Useful for iterating on a prompt while keeping similar composition.

Image-to-Video

SLACK_CHANNEL_ID="<channel>" SLACK_THREAD_TS="<thread>" \
  ~/.openclaw-rawdog/skills/veo-video-gen/scripts/generate_video_safe.sh \
  --prompt "A woman relaxing in white bedding, camera slowly dollies forward, morning sunlight streaming through windows" \
  --reference-image "/Users/novarussell/.openclaw-rawdog/media/remixed-frame.png" \
  --filename "/Users/novarussell/.openclaw-rawdog/media/$(date +%Y-%m-%d-%H-%M-%S)-from-image.mp4" \
  --duration 8 \
  --aspect-ratio 9:16 \
  --person-generation allow_adult

Kling Camera Control (--camera)

Control camera movement in Kling text-to-video generation. V1 models only (--kling-model kling-v1) — camera_control is not supported on v2+ models and will be ignored with a warning.

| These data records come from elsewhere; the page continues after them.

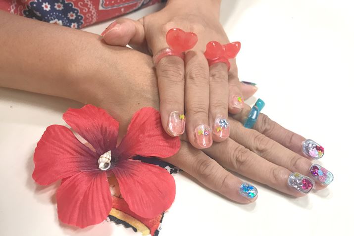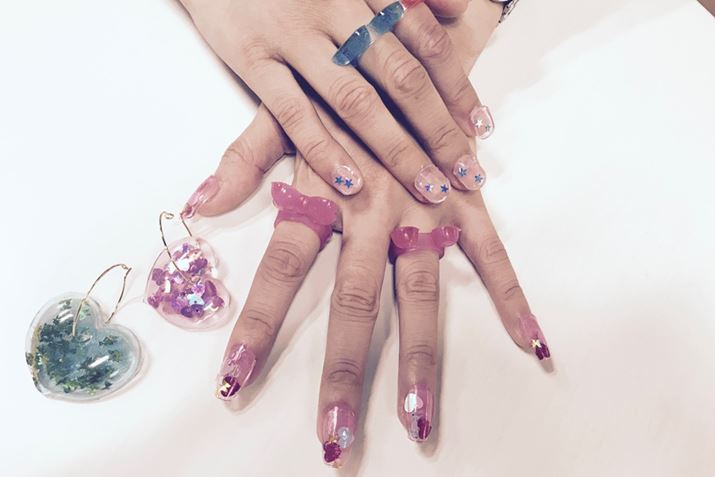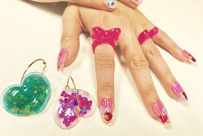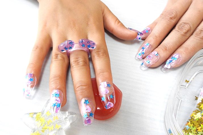 デコったネイルを日が当たりにくい場所に置いて24時間待ったら、完成。それぞれ型からはずします。指でうまくはずれない場合は、つまようじを使うといいでしょう。リングなどは、はみ出て固まったジェル部分を引っ張ると気持ちよくニュルッとはずれます。
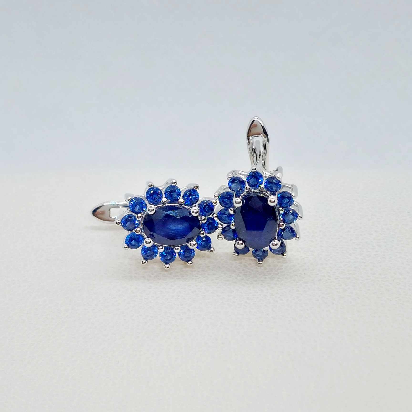 Natural Blue Chalcedony Dangle Earrings in Stainless Steel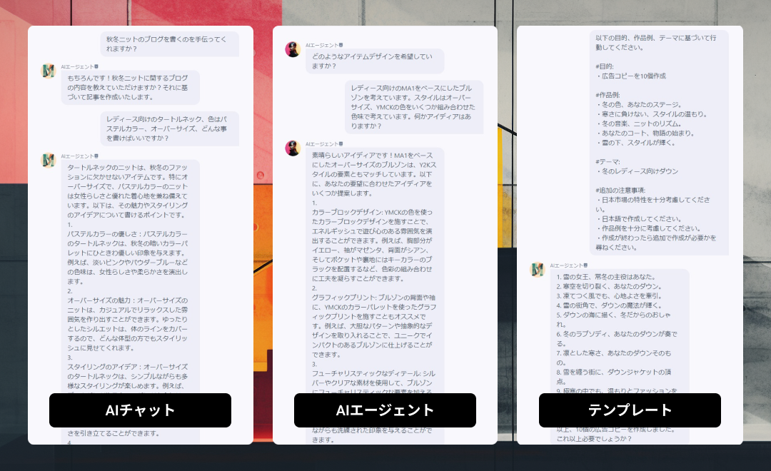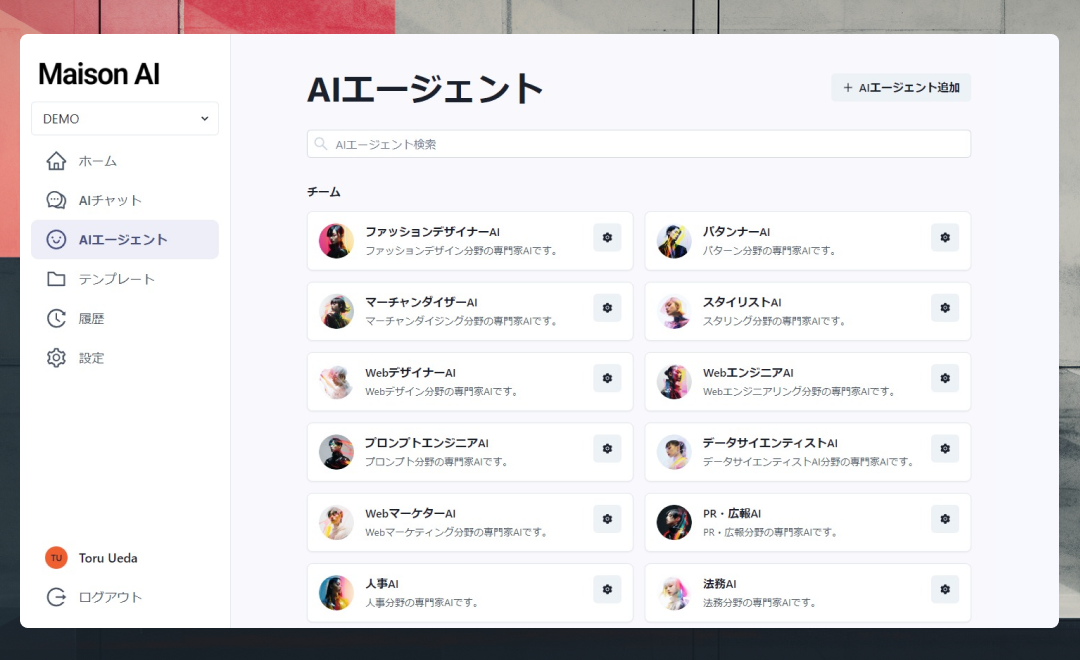 올해 8월에 β판의 제공이 개시된 「MaisonAI」는, 패션 업계에 특화한 문장·화상 생성 AI 툴입니다. MaisonIAI의 메인 기능 중 하나인 'AI 에이전트 기능'은 AI에 패션 디자이너나 패턴나, 그리고 인사나 법무 등 특정 직종을 설정함으로써 전제 지식이 필요한 질문에서도 보다 정밀한 답변을 얻는다. 일이 가능해지고, 많은 분들로부터 호평의 소리를 받고 있습니다.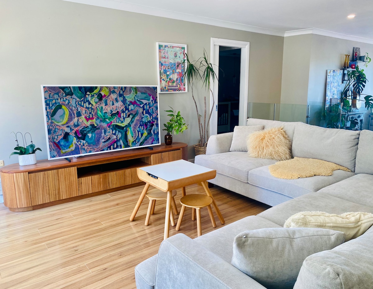 Relax in this calm & stylish space where you can recharge while enjoying the local beach, walks, cafes. Our beach is only a 2 min walk, where you can stroll, swim, surf or fish. The studio apartment is spacious with a very comfortable Queen bed with quality linen bedding. The apartment is part of our newly built main residence but has a separate entrance & is totally private & self contained. We provide a generous continental breakfast for your first night of stay, with cereal, fruit, etc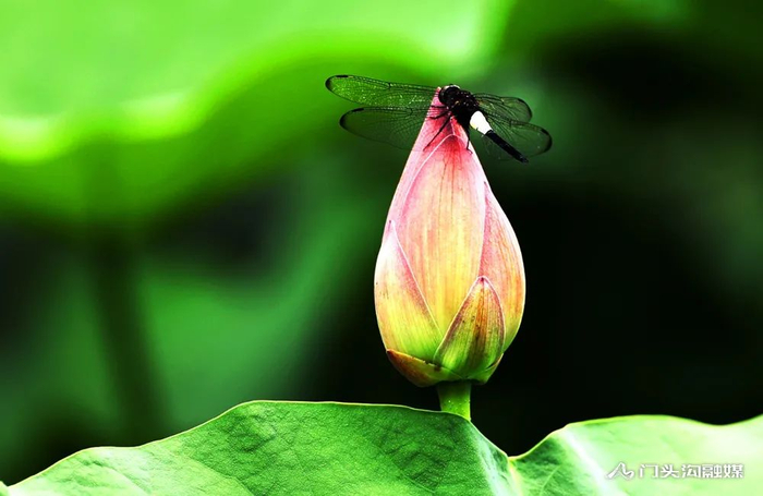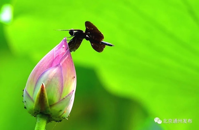 蜻蜓站在小荷上一动不动,勾勒出一幅诗意画面。

Named Presets (type-based, no config)

Preset API type Effect
down-back down_back Camera moves down and back
forward-up forward_up Camera moves forward and up
right-turn right_turn_forward Camera turns right moving forward
left-turn left_turn_forward Camera turns left moving forward

Simple Movement Presets (type="simple" with config)

Preset Effect
dolly-in Zoom into scene (zoom=10)
dolly-out Zoom out of scene (zoom=-10)
pan-left Camera pans left (pan=-10)
pan-right Camera pans right (pan=10)
tilt-up Camera tilts upward (tilt=10)
tilt-down Camera tilts downward (tilt=-10)
zoom-in Zoom into scene (zoom=10)
zoom-out Zoom out of scene (zoom=-10)
SLACK_CHANNEL_ID="<channel>" SLACK_THREAD_TS="<thread>" \
  ~/.openclaw-rawdog/skills/veo-video-gen/scripts/generate_video_safe.sh \
  --prompt "A cat sitting on a windowsill" \
  --filename "/Users/novarussell/.openclaw-rawdog/media/cat-dolly.mp4" \
  --backend kling-pro --kling-model kling-v1 --camera dolly-in

For custom camera values, pass raw JSON matching the official API structure: --camera '{"type": "simple", "config": {"horizontal": 0, "vertical": 0, "pan": -5, "tilt": 0, "roll": 0, "zoom": 3}}'

Kling Multi-Shot (--multi-shot)

Generate multi-scene videos (3-15s total) in a single Kling call. Pass a JSON array of scenes:

SLACK_CHANNEL_ID="<channel>" SLACK_THREAD_TS="<thread>" \
  ~/.openclaw-rawdog/skills/veo-video-gen/scripts/generate_video_safe.sh \
  --filename "/Users/novarussell/.openclaw-rawdog/media/multi-shot.mp4" \
  --backend kling-pro \
  --multi-shot '[{"prompt":"Wide shot of a beach at sunrise","duration":5},{"prompt":"Close-up of waves crashing on rocks","duration":5}]'

When --multi-shot is provided, --prompt is ignored. Each shot needs prompt and duration (seconds).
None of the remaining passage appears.